Multiple Sclerosis (MS) is a devastating disease that results from lymphocytes attacking the cells in the brain that provide myelin insulation in nerve circuits (oligodendrocytes). Environmental causes of MS are likely but identification of specific causes has been difficult. Associations have been observed between increased MS prevalence and diets high in meat and dairy products and low in fish.

Repeated searches for genetic risk factors do not provide strong clues. Reviewing genomic analyses to 2007, Peltonen concluded: ”One can predict from the accumulated genetic information, including data from twin and family studies, that the susceptibility profile for multiple sclerosis consists of many, probably interacting, risk alleles, each contributing a relatively small effect to the overall risk. “ 

MS is perhaps the most obvious “allergic” brain disease. In animals, a similar brain disease can be induced by injecting myelin-basic protein, a component of nerve cell insulation. The injected protein sensitizes the animals to their own myelin. The blood brain barrier is a property of the blood vessel linings in the brain that control the molecular and cellular input to the brain. If frequent immune skirmishes occurred in the brain as they do, for example in the skin, no-one would remain neurologically intact.

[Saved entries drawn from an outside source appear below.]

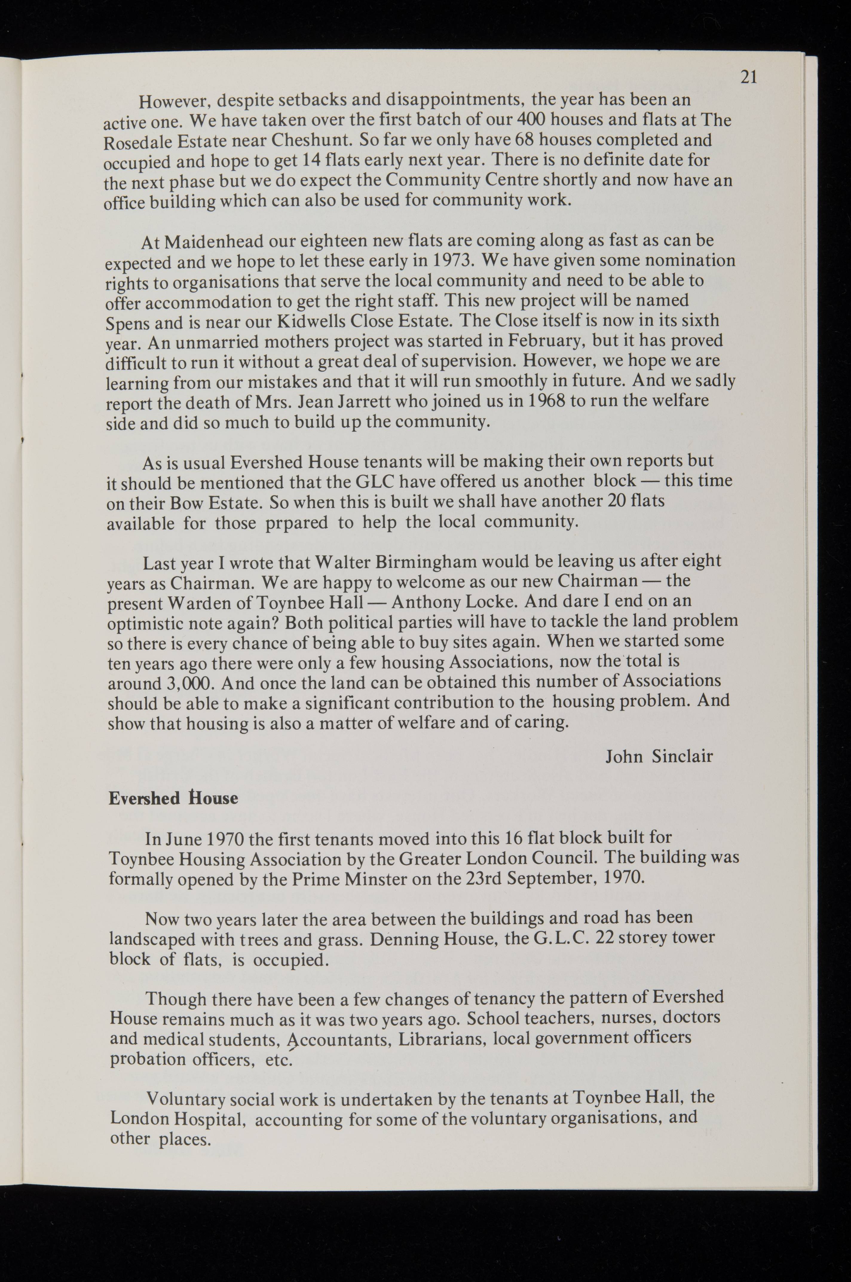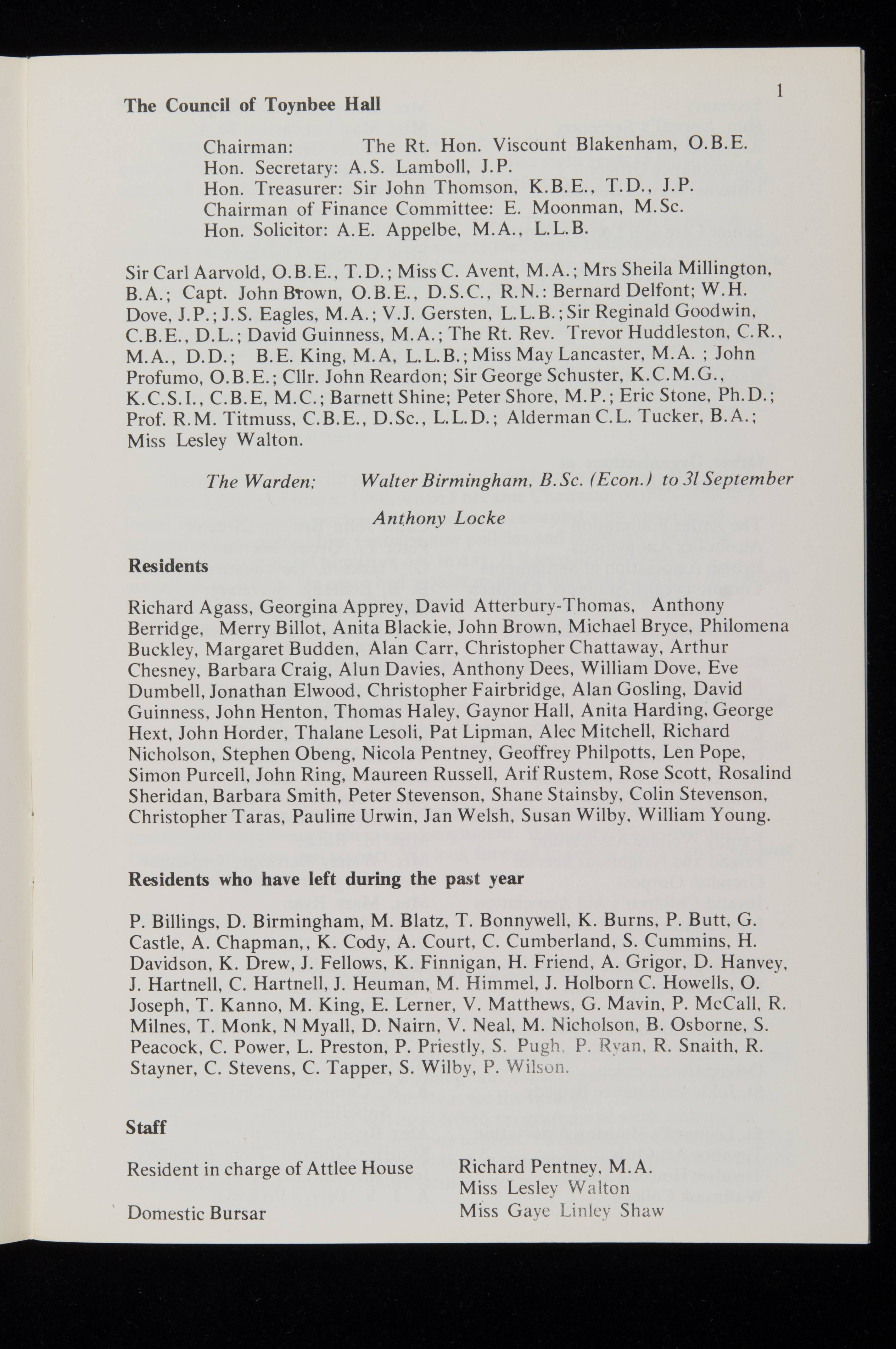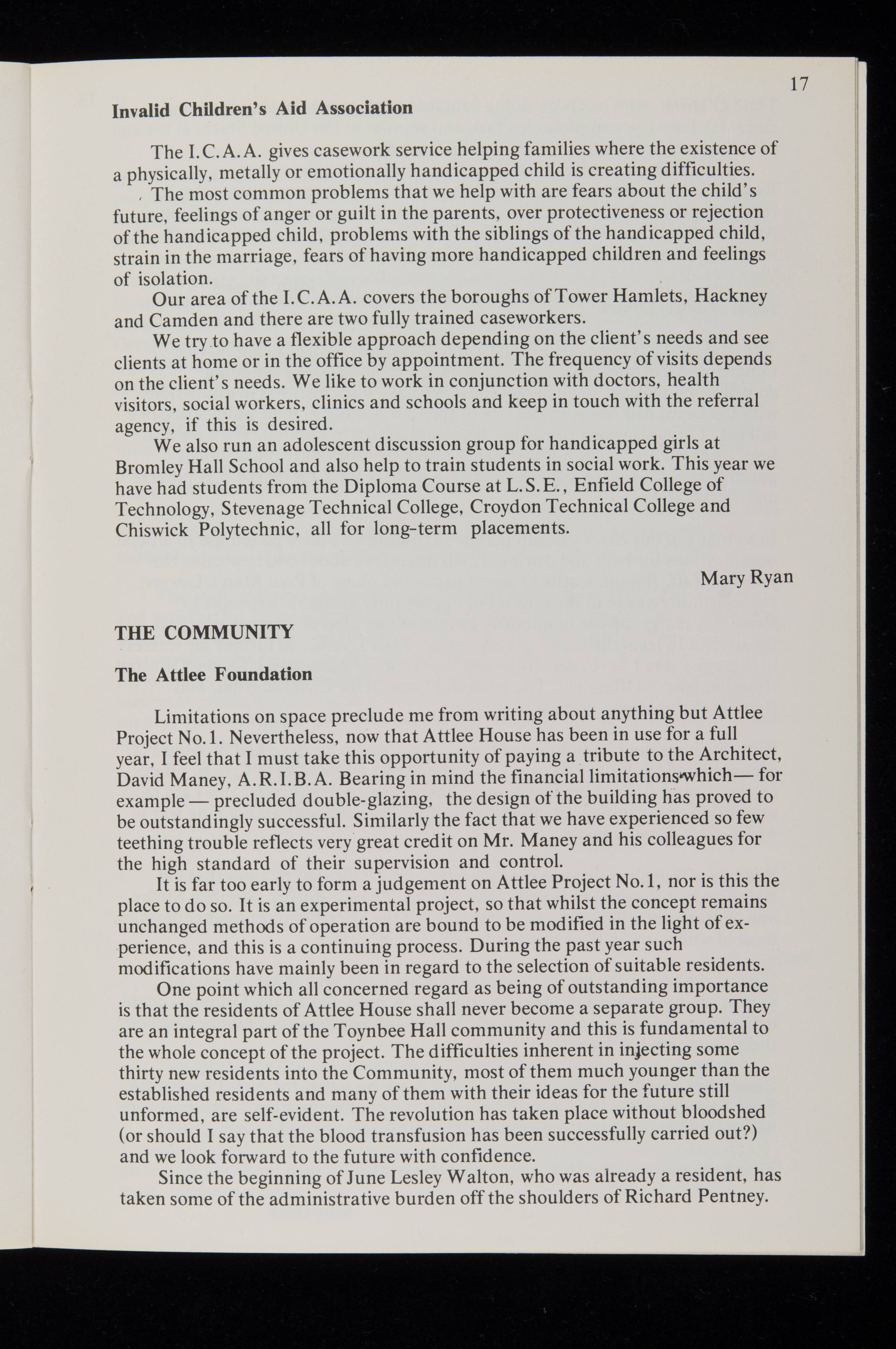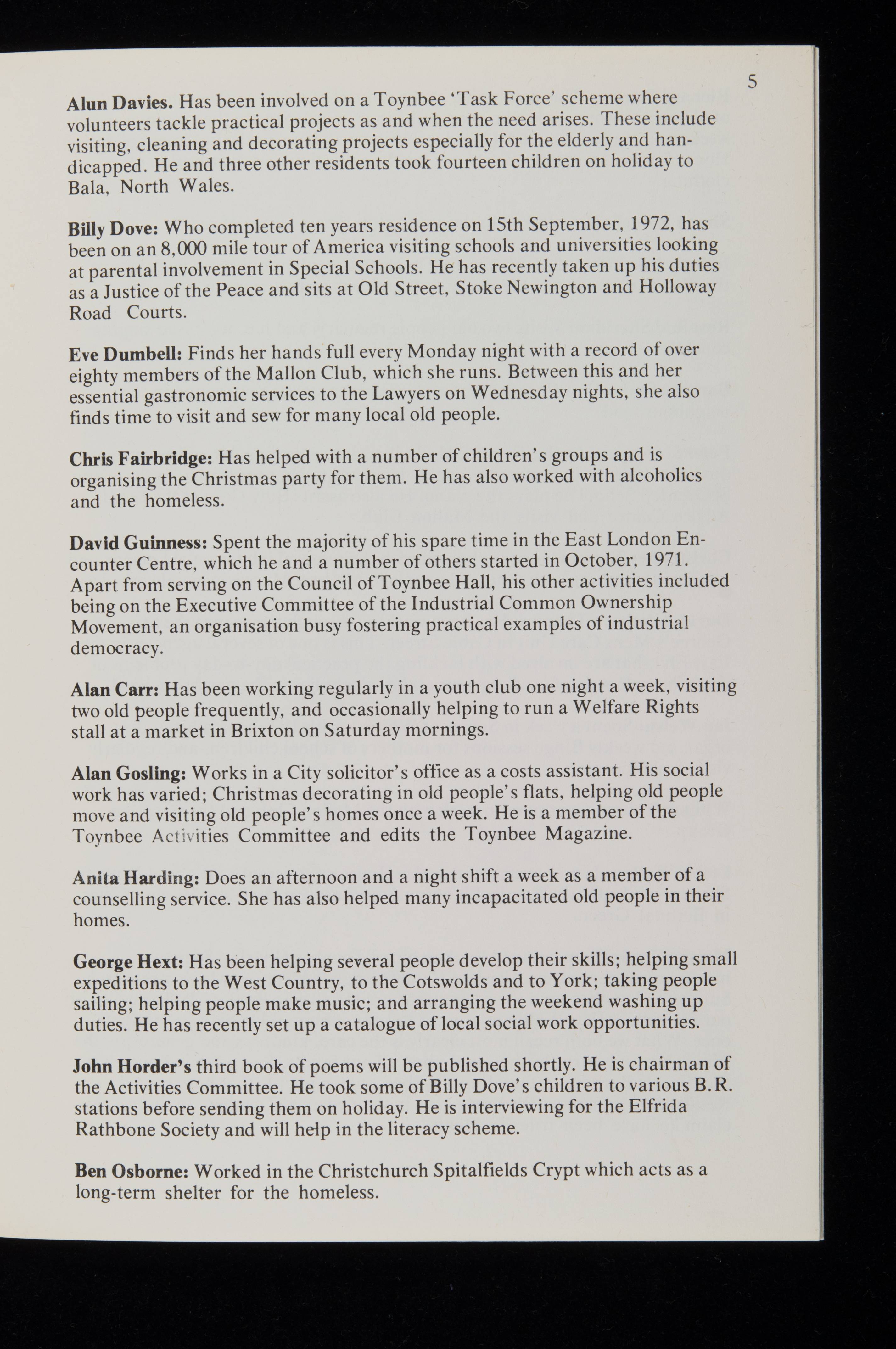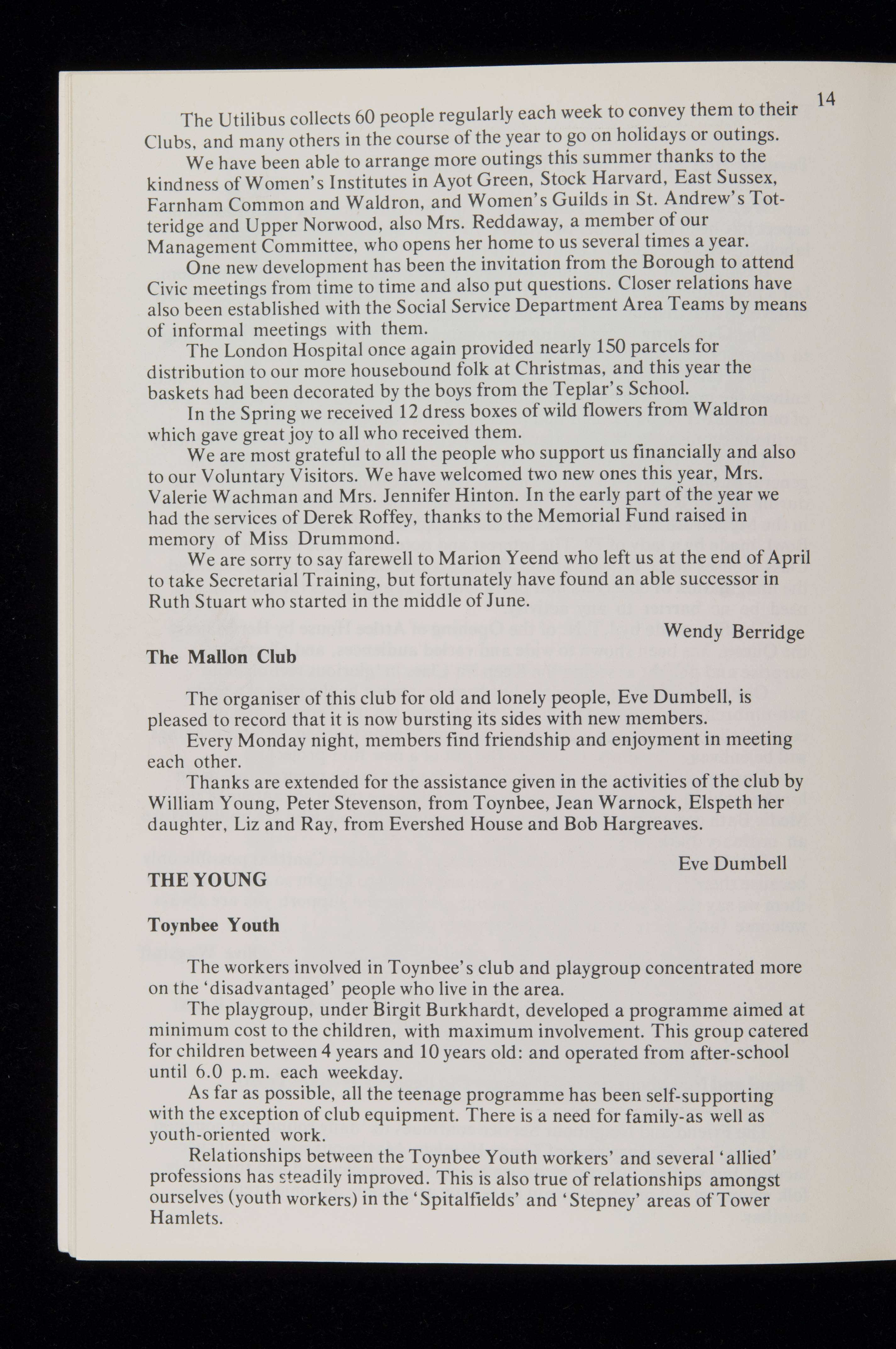 Contains indepth report by Walter Birmingham of all activities at Toynbee Hall. 1 volume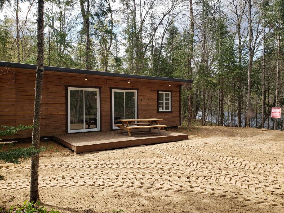 Ce mini-chalet de 1 chambre et un divan lit pouvant accueillir 4 personnes est chaleureusement aménagé et situé sur un site paisible en pleine forêt. Bordant la Rivière Coulonge, vous serez émerveillez par la tranquillité et la beauté qui s'étend devant vos yeux.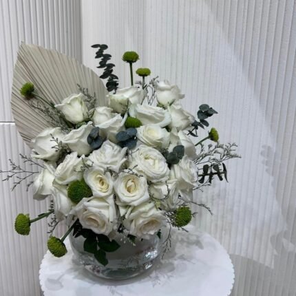 مجموعه من ازهار الجوري البيضاء مع الكريز الاخضر وريشة السعف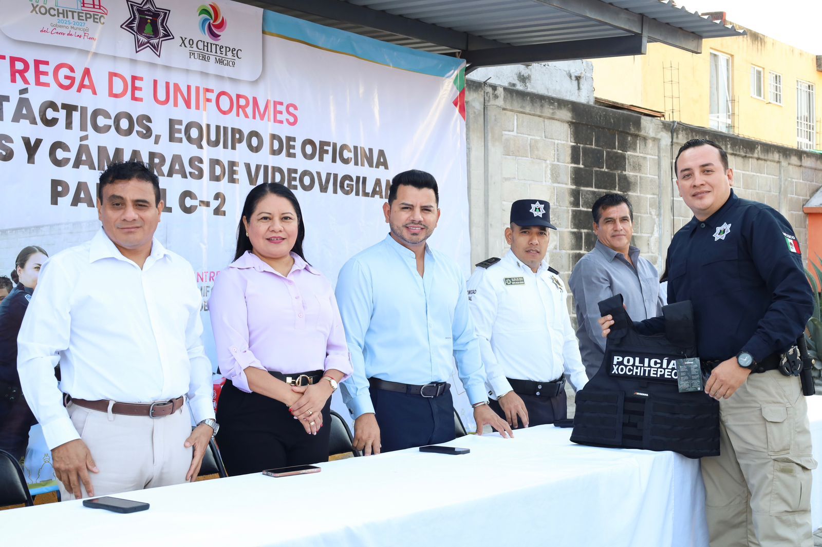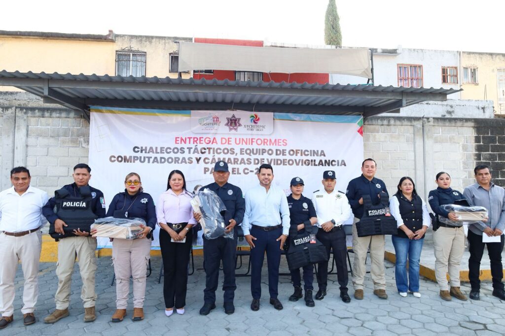 Con la convicción de que invertir en Seguridad Pública es una necesidad y un compromiso con el pueblo, así como con quienes están dispuestos a responder ante cualquier emergencia, el alcalde Roberto Gonzalo Flores Zúñiga “Chalo Flores” realizó la entrega de uniformes, chalecos tácticos, cámaras de videovigilancia y equipo de cómputo y oficina a la Policía de Xochitepec.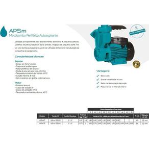 Utilizada principalmente para abastecimento doméstico e pequenos prédios. Sistemas de pressurização de baixa pressão. Irrigação de pequeno porte. Por ser uma bomba autoaspirante, pode ser utilizada diretamente na tubulação da companhia de saneamento. Grande versatilidade de usos, retira o ar da tubulação de sucção e possui válvula de retenção interna. Cor: Verde e preto. Modelo: APSM75L Tipo: Periférica autoaspirante. Potência: 1.0 Hp. Voltagem: 220V (monofásica). Características da bomba: Material: Ferro fundido. Material da ponta: Aço inox. Material do rotor: Bronze. Tratamento: Antiferrugem. Rotor: Periférico. Sucção máxima: 8 mca. Temperatura líquido: 60C. Selo mecânico: Grafite cerâmico buna. Características do motor: Classe de isolação: F. Classe de proteção: IPX4. Possui protetor térmico: Sim. Temperatura ambiente máxima: 40C. Marca: Lepono. Conteúdo da embalagem: 1 Motobomba. Dimensões aproximadas do produto: 23.4 x 17 x 23.9 cm (A x L x C). Dimensões aproximadas da embalagem: 29 x 22 x 31 cm (A x L x P). Peso aproximado do produto: 11 Kg. Peso aproximado da embalagem: 12,3 Kg. Informações Adicionais: Possui válvula de retenção interna. A compra do produto não acompanha montagem/desmontagem. Produtos de decoração não inclusos. Imagens meramente ilustrativas. As cores dos objetos podem sofrer alterações devido a luminosidade, configurações do monitor e até mesmo a percepção do usuário.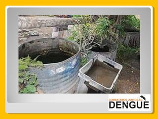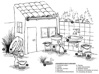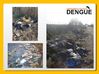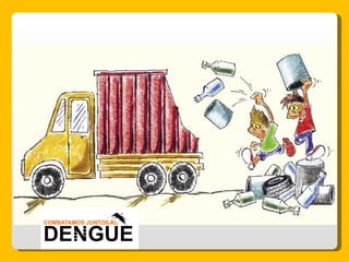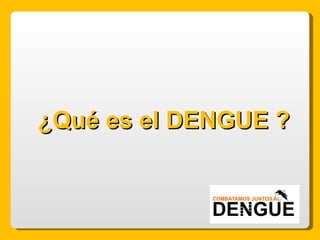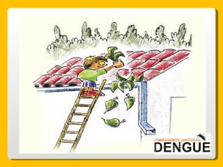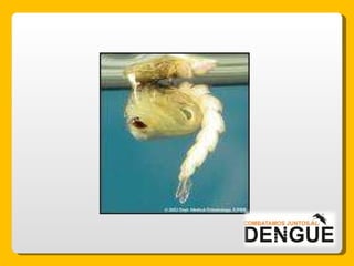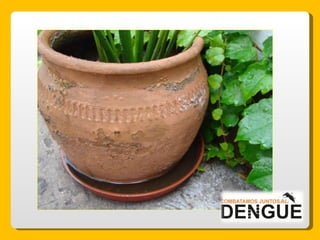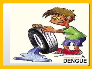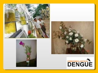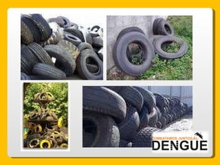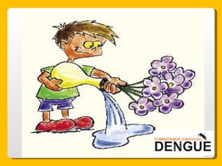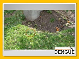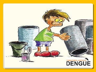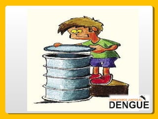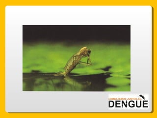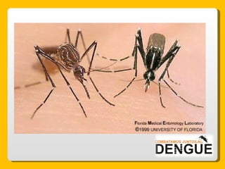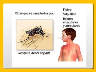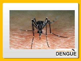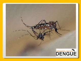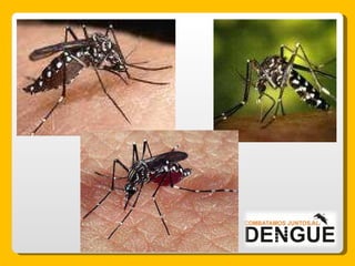 El documento proporciona información sobre el dengue y el mosquito Aedes aegypti y Aedes albopictus que lo transmite. Explica que el dengue es una enfermedad viral transmitida por la picadura de estos mosquitos, que puede presentarse de forma clásica o hemorrágica. No existe vacuna por lo que la prevención consiste en eliminar los criaderos de mosquitos y usar repelente e insecticida. El tratamiento es sintomático y es importante acudir al centro de salud ante los síntomas.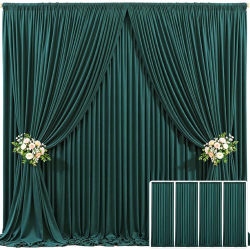 4 Panels Hunter Green Backdrop Curtain for Parties Wrinkle Free Dark Green Photo Curtains Backdrop Drapes Fabric Decoration for Baby Shower Birthday Party Photography 20ft(W) x 10ft(H)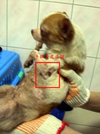 仔細一看,吉娃娃"啾啾"胸口已經潰爛深可見骨,腿部也多處受傷

MS usually develops as recurrent attacks of neurologic symptoms associated with multifocal lesions in the central nervous system. These are inflammatory lesions with myelin degradation.  Studies show that axonal injury occurs early in the course of disease. Berger et al    investigated  the presence of serum antibodies against myelin oligodendrocyte glycoprotein (MOG) and myelin basic protein (MBP) in patients with a clinically isolated MS like event  and found the antibody tests to be: “a rapid, inexpensive, and precise method for the prediction of early conversion to clinically definite multiple sclerosis. This finding may be important for the counseling and care of patients with a first demyelinating event suggestive of multiple sclerosis. “

Experimental autoimmune encephalomyelitis (EAE) is a multiple sclerosis-like disease induced by injection of myelin oligodendrocyte glycoprotein peptide. Experiments have shown that blocking addressin, a cell adhesion molecule, will prevent the entry of immune cells and prevent immune damage to oligodendrocytes if given early enough in the disease process ( i.e. before damage is apparent). 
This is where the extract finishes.